The more assets you have, the greater the cost to your business. There are the hard costs of keeping redundant assets, i.e., cloud or server capacity. Accumulating multiple versions of the same visualization not only takes up space, but BI vendors are moving to capacity pricing. Companies now pay more if you have more dashboards, apps, and reports. Earlier, we spoke about dependencies. Keeping redundant assets increases the number of dependencies and therefore the complexity. This comes with a price tag.
The implications of asset failures differ, and the business’s repercussions can be minimal or drastic.
Different industries have distinct regulatory requirements to meet. The impact may be minimal if a report for an end-of-year close has a mislabeled column that the sales or marketing department uses, On the other hand, if a healthcare or financial report does not meet the needs of a HIPPA or SOX compliance report, the company and its C-level suite may face severe penalties and reputational damage. Another example is a report that is shared externally. During an update of the report specs, the low-level security was incorrectly applied, which caused people to have access to personal information.
The complexity of assets influences their likelihood of encountering issues.
The last thing a business wants is for a report or app to fail at a crucial moment. If you know the report is complex and has a lot of dependencies, then the probability of failure caused by IT changes is high. That means a change request should be taken into account.
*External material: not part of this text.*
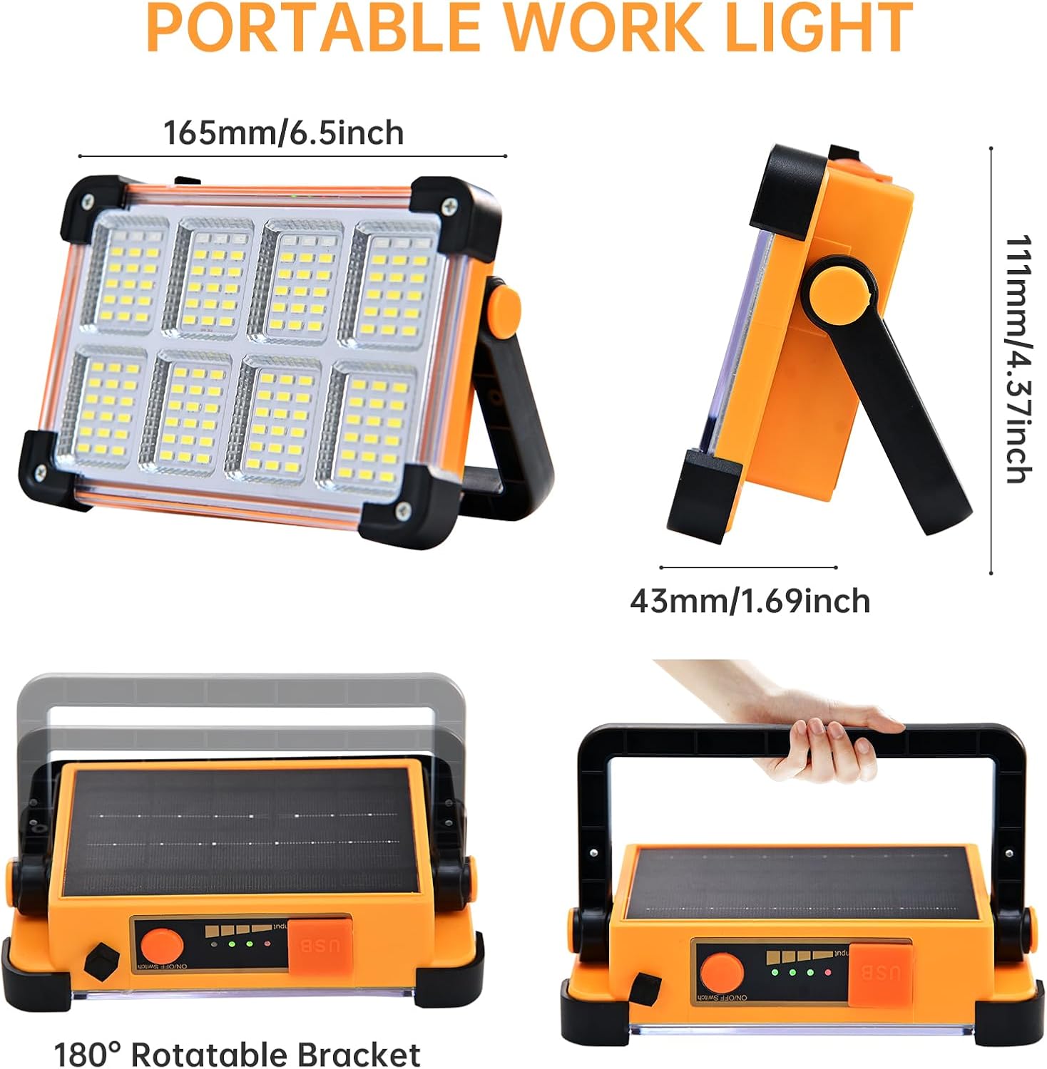 - 【10,000 Lumen High Brightness & 4 light modes】 Convenient solar worklight is equipped with 144 LED beads, which can provide up to 10,000 lumens output, easily illuminating large work areas; Rechargeable camping light has 4 light modes, high brightness, medium brightness, low light, red and blue blinking, short press on the power button can be switched, and long press to turn off, in order to meet the needs of your different occasions.

Dependency graphs become important. If it is a straightforward sales report that tells notes by salesperson by account, any changes made do not have the same impact on the report, even if it fails. BI operations should treat these reports differently during change.
Not all reports and dashboards fail the same; some reports may lag, definitions might change, or data accuracy and relevance could wane. Understanding these variations aids in better risk anticipation.

Marketing uses several reports for its campaigns – standard analytic assets often delivered through marketing tools. Finance has very complex reports converted from Excel to BI tools while incorporating different consolidation rules. The marketing reports have a different failure mode than the financial reports. They, therefore, need to be managed differently.

It’s time for the company’s monthly business review. The marketing department proceeds to report on leads acquired per salesperson. Unfortunately, half the team has left the organization, and the data fails to load accurately. While this is an inconvenience for the marketing group, it isn’t detrimental to the business. However, a failure in financial reporting for a human resource consulting firm with 1000s contractors that contains critical and complex calculations about sickness, fees, hours, etc, has major implications and needs to be managed differently.

Acknowledging that assets transition through distinct phases allows for effective management decisions at each stage. As new visualizations are released, the information leads to broad use and adoption.
Think back to the start of the pandemic. COVID dashboards were quickly put together and released to the business, showing pertinent information: how the virus spreads, demographics affected the business and risks, etc. At the time, it was relevant and served its purpose. As we moved past the pandemic, COVID-specific information became obsolete, and reporting is integrated into regular HR reporting.
Reports and dashboards are crafted to deliver valuable insights for stakeholders. Over time, though, the worth of assets changes.
When a company opens its first store in a certain area, there are many elements it needs to understand – other stores in the area, traffic patterns, pricing of products, what products to sell, etc. Once the store is operational for some time, specifics are not as important, and it can adopt the standard reporting. The tailor-made analytic assets become irrelevant and no longer add value to the store manager.